Okay, so I think that I can figure out a pattern. I know she never bites me when she's about to fall asleep, or when she's very hungry. I listen to her swallow out of habit so I can tell when she is done eating. Most of her bites occur right as she decides she is done eating. Otherwise, if I this gets worse again, I'll have to see about switching to pumping for all but her bedtime feedings.

I didn't have any original nursing goals in mind. I think my goal is for Sasha to never have to drink a drop of formula. I don't mind having to pump to accomplish that goal if I have to. It would be easier on us if we continued nursing. Once she turns a year old, we can start to gradually switch her to cow's milk, so I guess that means 5 more months of nursing or pumping. In that case, we're over half way there.

14 March 2007

Biting update

Thought I'd give an update. It's been two more days and suddenly like a miracle, the biting ended!

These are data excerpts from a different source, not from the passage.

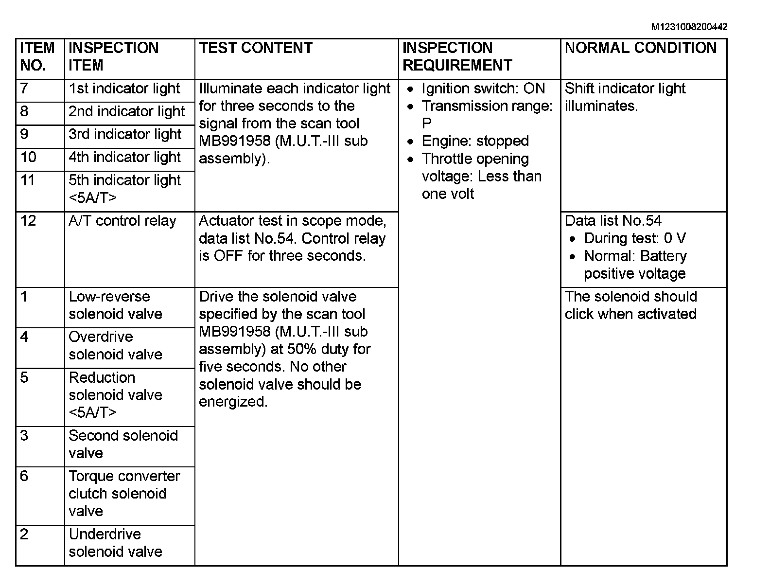 ACTUATOR TEST REFERENCE TABLE:
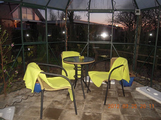 Vi har et drivhus der står stik nord/syd, med indgangen vendende mod syd, og af hensyn til specielt tomatplanterne, burde vi kalke gavlen og døren. Men jeg kan altså slet få mig selv til at gøre det, fordi det ville ødelægge halvdelen af fornøjelsen ved at "stige ind i drivhuset" - selv om det kun er på 6,2 m2.
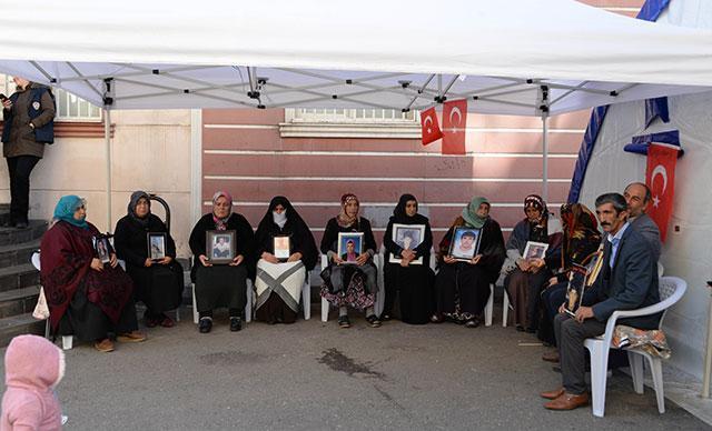 6- Mersin'in Anamur ilçesinde yaşayan Rahime Uymaz, Diyarbakır'ın Lice ilçesinde 28 Temmuz 2015'te eşi ve kızının yanında PKK'lı teröristler tarafından aracından indirilerek, kaçırılan yeğeni polis memuru Sedat Yabalak (34) için oturma eylemine katıldı. Polis Sedat Yabalak'ın hasta annesi Ünzile Yabalak ise 8 Eylül akşamı Diyarbakır'a gelip nöbete başladı. Solunum hastası Ünzile Yabalak'a, PKK'lı teröristler tarafından 23 Eylül 1995'te şehit edilen Astsubay Murat Namdar'ın eşi Yıldız Namdar refakat ediyor.
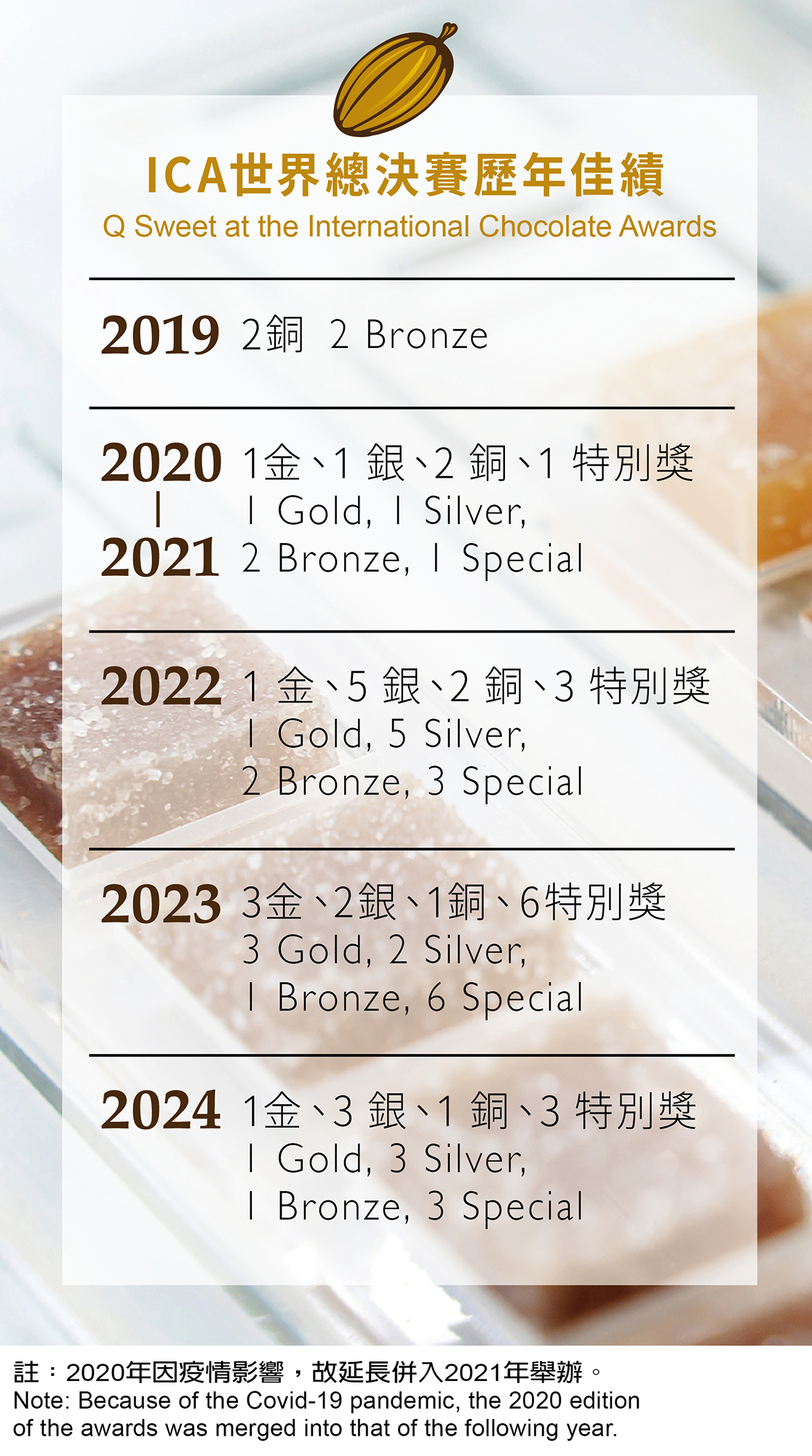 離職後,她到比利時巧克力學院進修,也在歐陸各地尋原料。2015年,終於在繁華的台北信義路上開設「Q Sweet」,主打粉紫羅蘭色的巧克力專賣店,置身其中,就像進入女性色彩十足的旖旎夢境。
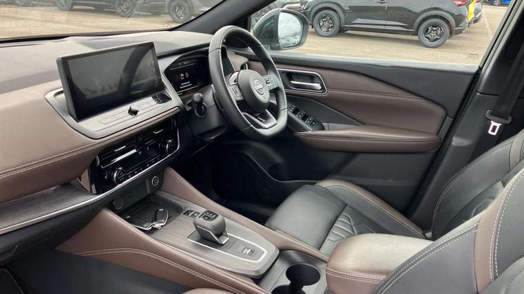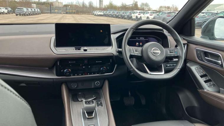 2 front USB-C ports, 2 rear USB-C ports, 360 degree Intelligent around view monitor with moving object detection, Advanced windscreen head up display, Blind spot intervention, Blind spot warning, Drive assist custom mode, Drive modes (sport, normal, eco), Driver drowsiness and attention warning, Electric speed sensitive power steering, Emergency and breakdown call, Emergency lane keep assist, Emergency Stop Signal (ESS), Engine start/stop button, Event data recorder, Front and rear parking sensors, Full Digital 12.3" TFT Digital Combimeter, Google virtual personal assistance, Hands free power tailgate, Idle stop/start system, In-car WIFI hotspot, Intelligent Cruise control (ICC), Intelligent forward collision warning, Intelligent speed assist, Lane departure warning system, Nissan connect 12.3 inch touchscreen infotainment system, Nissan connect navigation with google maps, Nissan connect services 2.0 (Google Automotive System), Outside temperature sensor, Rear cross traffic alert, Reversing detection, Traffic jam pilot, Wireless Apple CarPlay/Android Auto, Wireless charging pad, Limited slip differential, 6 speakers, AM/FM audio system with DAB, Bluetooth audio streaming, Auto dimming frameless rear view mirror, Auto rear wiper when reversing, Body colour mirror caps, Body coloured door handles, Bodyside mouldings, Chrome side window finisher, Electric auto folding door mirrors, Electrically adjustable and heated door mirrors with LED turn indicator, Follow me home headlights, Glossy black bumper inserts and fenders, High beam assist, Intelligent auto headlights, LED 3rd brake light, LED daytime running lights, LED headlights with adaptive driving beam, LED rear lights, LED sequential turn lights, One touch front and rear electric windows with remote opening and closing, One touch passenger window, Partially body coloured bumpers, Rear privacy glass, Rear roof spoiler, Rear side wing doors, Rear styling plate, Reverse tilting door mirrors, Shark fin antenna, Silver roof rails, Splash free rain sensing wipers, Super RED rear LED lights, Super UV and infrared cut glass, Thermaclear heated windscreen, 3 bench rear seats in 2nd row, 3 rear headrests, 60/40 split folding rear seat bench, Chrome interior door handles, Dark headlining, Driver seat back pocket, Dual zone automatic climate control with pollen filter, Fixed Glass roof with electric sunshade, Front door with bottle holders, Heated front seats, Heated steering wheel, Height adjustable front headrests, Luggage board system, Luggage space lighting, Multifunction steering wheel, Passenger seat back pocket, Quilted/PVC upholstery, Rear door bottle holders, RGB ambient light (Full area coverage), Single front passenger seat, Smooth leather steering wheel, Steering wheel gearshift paddles, Tilt/telescopic adjustable steering wheel, Two rear isofix child seat anchorage points with top tether, 3x3 point rear seatbelt pretensioners + load limiters, Autonomous emergency braking, Child locks on rear doors, Curtain and front side, far side airbags, Driver and passenger airbags, Driver, passenger and 2nd row rear seat belt reminder, Electric handbrake with auto hold function, Front seatbelt pretensioners + load limiters, Height adjustable front seatbelts, Hill start assist, intelligent front emergency braking, Rear automatic braking, Tyre pressure monitoring system, Vehicle dynamic control, Engine immobiliser, Intelligent key with walk away lock and approach unlock functions, Remote central door locking with deadlocking, Thatcham alarm, 19" Diamond cut alloy wheels, Tyre puncture repair kit,
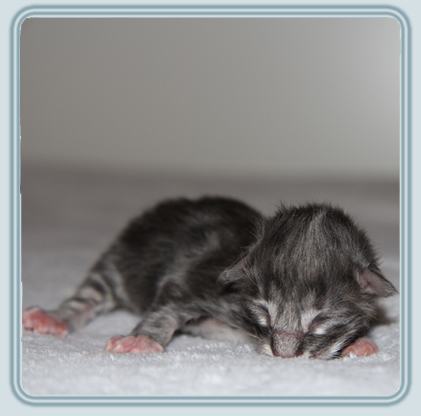 While doing alterations in the pen of the boys we removed the tunnel that gives them access to the front of the house so they are able to see birds while they are there. On the 5th of April Munchkin forced his way out of his secure area and appeared in one of the bedrooms as if the weather is fine windows are open until we give the boys their time in the garden. As he appeared peacefully sleeping in a bed and only Erin was in the wardrobe at the time (room was shut) and she was "not calling" we didn't think it was a problem ..... A few weeks and after a call Erin started to look a bit big and we decided take her for an ultrasound....well yesterday we welcomed to the world five big and healthy kittens in what it must be our "surprise surprise" litter.
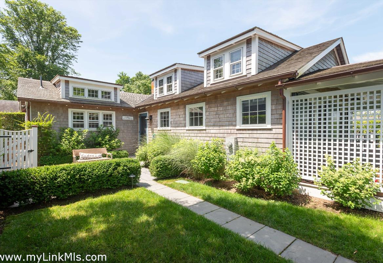 This hidden gem was built in 1915 and housed Cady's Bakery, one of the first bakeries on Nantucket. The property is tucked off Main Street down a shell way, offering an unexpectedly private and quiet location, yet close to downtown shops and restaurants. The house is larger than expected offering an open floor plan with cathedral ceilings, stone gas fire place, and 4 bedrooms (2 with vaulted ceilings), and 4 bathroom (3 bedrooms are ensuite). Many details of the building were preserved including exposed beams and a sliding barn door. New elements include central AC, a gas fireplace, a covered porch, a finished lower level, and multiple stone patio areas outside for eating and lounging. Additional updates include a new cedar roof, copper gutters, exterior lighting, a gas line for the grill, a shed, and a foot bath/ dog wash. The property has a spacious covered porch and 3 patios, one is located in the front yard offering a sunny spot for early morning light, another in the side yard providing a perfect spot to enjoy the afternoon sun and a third patio is located off the living room for alfresco dining. The patios are connected by a fenced in yard. The current owner converted the property from a condo to a fee-simple ownership and installed dedicated utilities.
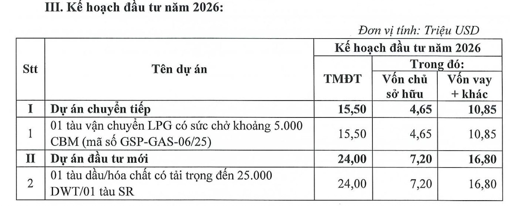 Bên cạnh đó, doanh nghiệp cũng lên kế hoạch đầu tư bổ sung tàu mới. Theo kế hoạch đầu tư năm 2026, GAS Shipping tiếp tục triển khai dự án mua 1 tàu vận chuyển LPG có sức chở 5.000CBM – kế hoạch chuyển tiếp đã được xây dựng từ trước. Tổng vốn đầu tư cho dự án này là 15,5 tỷ đồng, trong đó công ty dự kiến vay hơn 10,8 tỷ đồng.
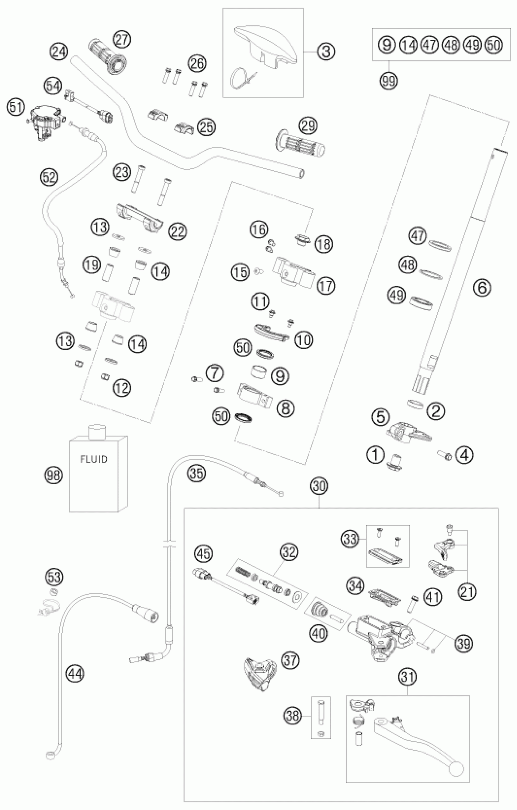 KTM 450 SX ATV 2010 HANDLEBAR, CONTROLS Diagram
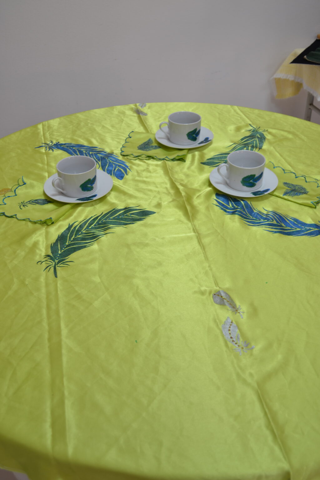 Cette nappe colorée, brodée de fleurs à la main, embellit vos repas avec une touche artistique et authentique. Accompagnée d’un service à thé assorti pour une présentation raffinée.
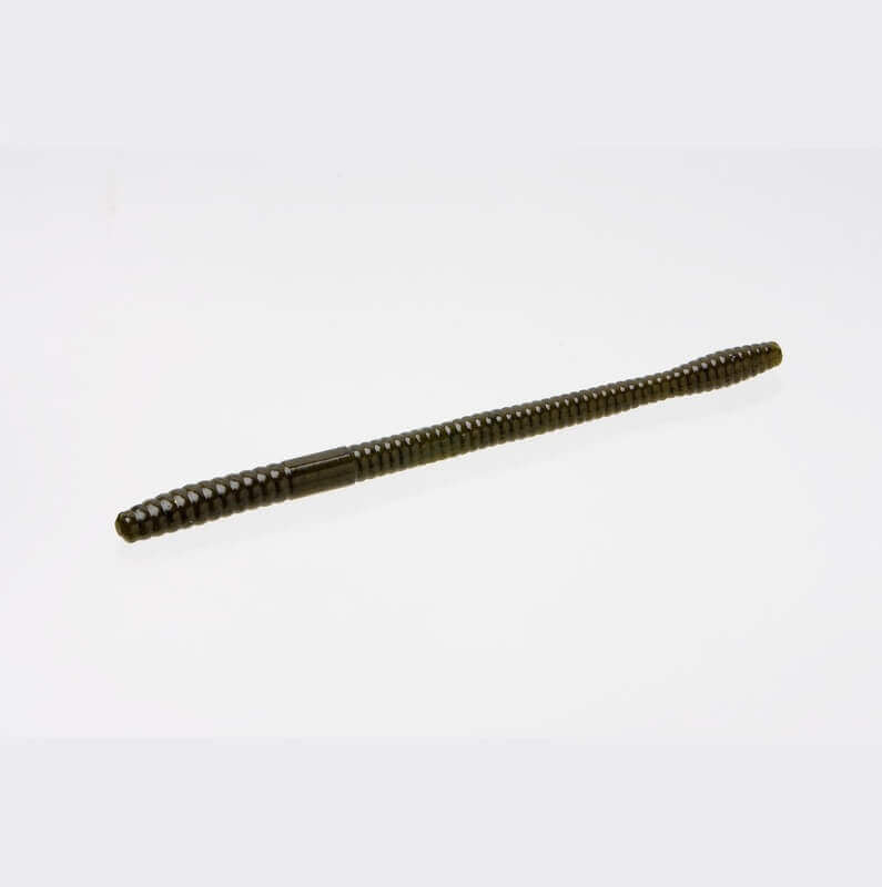 Vinilo con forma de gusano voluminosa y cola recta de 177 milímetros de la marca Zoom modelo Magnum Finesse color verde. Es un gusano con más grosor que el modelo anterior Trick Worm, que al ser más grande mueve más agua y admite anzuelos de mayor tamaño.
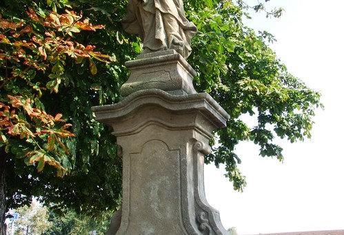 Barokní socha světce v životní velikosti s knihou v levé ruce, pravou ruku klade k srdci, oděn v rozevlátý šat stojí na křižovatce silnic na Chvalkovice, Miskolezy a Sebuč. Je považována za dílo místního sochaře, obeznámeného s vrcholnými díly českého baroka.
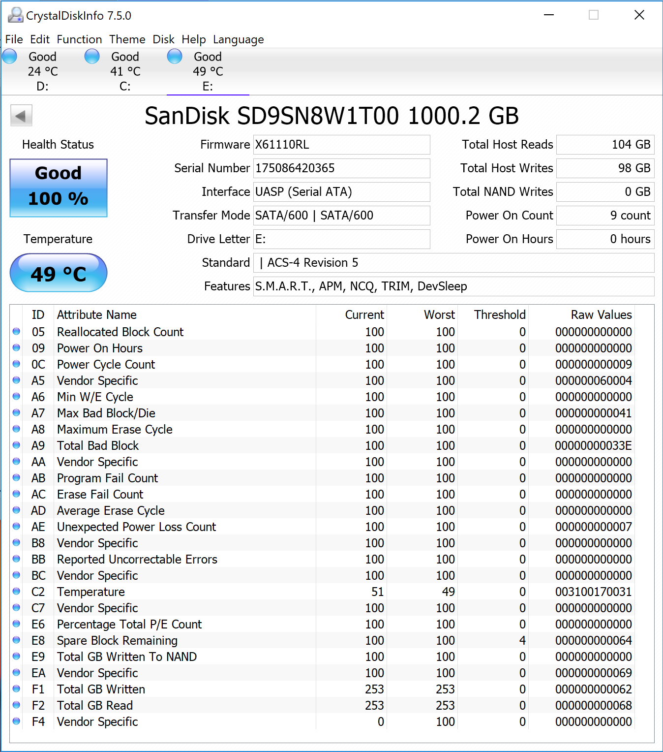 Crystal Disk Info is a great tool for displaying the characteristics and health of storage devices. It displays everything from temperatures, the number of hours the device has been powered, and even to the extent of informing you of the firmware of the device.

I am so happy I could cry. I didn't know how much I'd miss nursing or how lucky I was to have such a problem-free nursing relationship with my baby until this problem occured. I don't know what solved it. Perhaps it was teething. Or maybe it was all the yelps of pain that scared her and I was lucky she didn't find it funny? I did eventually get used to the biting enough to do the 'smother her with my breast' trick so perhaps that helped. I had two days of almost all pumping and bottle feeding and I think she missed the nursing too as she kept staring at my chest and trying to move my shirt, lol.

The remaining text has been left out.